The first contour C1 in the sixth evaluation line EL6 may have a sixth simulation CD value SCD6. The sixth simulation CD value SCD6 in the sixth evaluation line EL6 of the first contour C1 may be evaluated using the sixth target CD value TCD6 in the sixth measurement line ML6 of the target pattern TP. The sixth simulation CD value SCD6 may be evaluated as compared with the sixth target CD value TCD6. For example, a difference between the sixth simulation CD value SCD6 and the sixth target CD value TCD6 may be calculated.

The OPC modeling may be repeatedly performed using the plurality of simulation CD values SCD1 to SCD6 and the plurality of target CD values TCD1 to TCD6. For example, the OPC modeling may be repeatedly performed until a difference between the simulation CD values SCD1 to SCD6 and the target CD values TCD1 to TCD6 reaches a minimum.

For example, the OPC modeling may be repeatedly performed using [Equation 1]. [Equation 1] represents a cost function using the difference between the simulation CD values SCD1 to SCD6 and the target CD values TCD1 to TCD6, wherein Wx represents a Target CD value, y represents a simulation CD value, and m represents the number of evaluation points.

$\begin{matrix} COST = \frac{1}{m} \sum_{i = 1}^{m} {(W x^{i} - y^{i})}^{2} & [Equation 1] \end{matrix}$

The OPC modeling may be repeatedly performed until a function value of the cost function for the simulation CD values SCD1 to SCD6 and the target CD values TCD1 to TCD6 reaches a minimum. Alternatively, the OPC modeling may be repeatedly performed such that an OPC model corresponding to the case that the function value of the cost function for the simulation CD values SCD1 to SCD6 and the target CD values TCD1 to TCD6 is smaller than a threshold value (e.g., set by a user) is output.

In these cases, repeatedly performing the OPC modeling may include correcting a previously modeled OPC model. For example, a first OPC model that is primarily generated may be corrected to secondarily generate a second OPC model. In this case, when a cost function value of the first OPC model is greater than that of the second OPC model, the second OPC model may be adopted. Likewise, the second OPC model may be corrected to generate a third OPC model, and in this case, when a cost function value of the third OPC model is smaller than that of the second OPC model, the third OPC model may be adopted. On the other hand, when the cost function value of the second OPC model is smaller than that of the third OPC model, the second OPC model not the third OPC model may be adopted.

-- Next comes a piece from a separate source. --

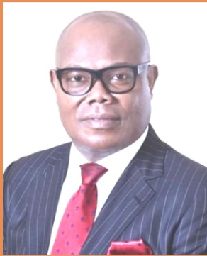
■ Mr. Akan Okon Hon. Commissioner Min. Econ. Dev. & IDSP

The 2021 Budget is predicated on an oil benchmark of $40 per barrel, at a production rate of 1.86 million barrels per day (bpd), with an estimated exchange rate of N379/US$, in line with the National Budget projections.

For example, referring to FIGS. 2 to 4, when a cost function value of the first OPC model for extracting the first contour C1 is greater than a threshold value, the first OPC model may be corrected so that the second OPC model for extracting a second contour C2 may be generated.

When a cost function value for the first to sixth simulation CD values SCD1′ to SCD6′ of the first contour C1 extracted from the first OPC model and the first to sixth target CD values TCD1 to TCD6 of the SEM image SEM is greater than a preset threshold value, the second OPC model from which the first OPC model is corrected may be generated.

Similarly, when a cost function value for the first to sixth simulation CD values SCD1′ to SCD6′ of the second contour C2 extracted from the second OPC model and the first to sixth target CD values TCD1 to TCD6 of the SEM image SEM is greater than the preset threshold value, the second OPC model may be corrected.

The OPC modeling may include fitting for the plurality of evaluation points. The OPC model may be fitted in each of the first to sixth evaluation lines EL1 to EL6. For example, the first simulation CD value SCD1 of the first evaluation line EL1 may be compared with the first target CD value TCD1 of the first measurement line ML1 so that the OPC model may be corrected to change the CD value of the first evaluation line EL1. The second simulation CD value SCD2 of the second evaluation line EL2 may be compared with the second target CD value TCD2 of the second measurement line ML2 so that the OPC model may be corrected to change the CD value of the second evaluation line EL2. That is, the OPC model may be fitted using each of the first to sixth target CD values TCD1 to TCD6 measured in the SEM image SEM and the first to sixth simulation CD values SCD1′ to SCD6′ of the first contour C1 corresponding thereto.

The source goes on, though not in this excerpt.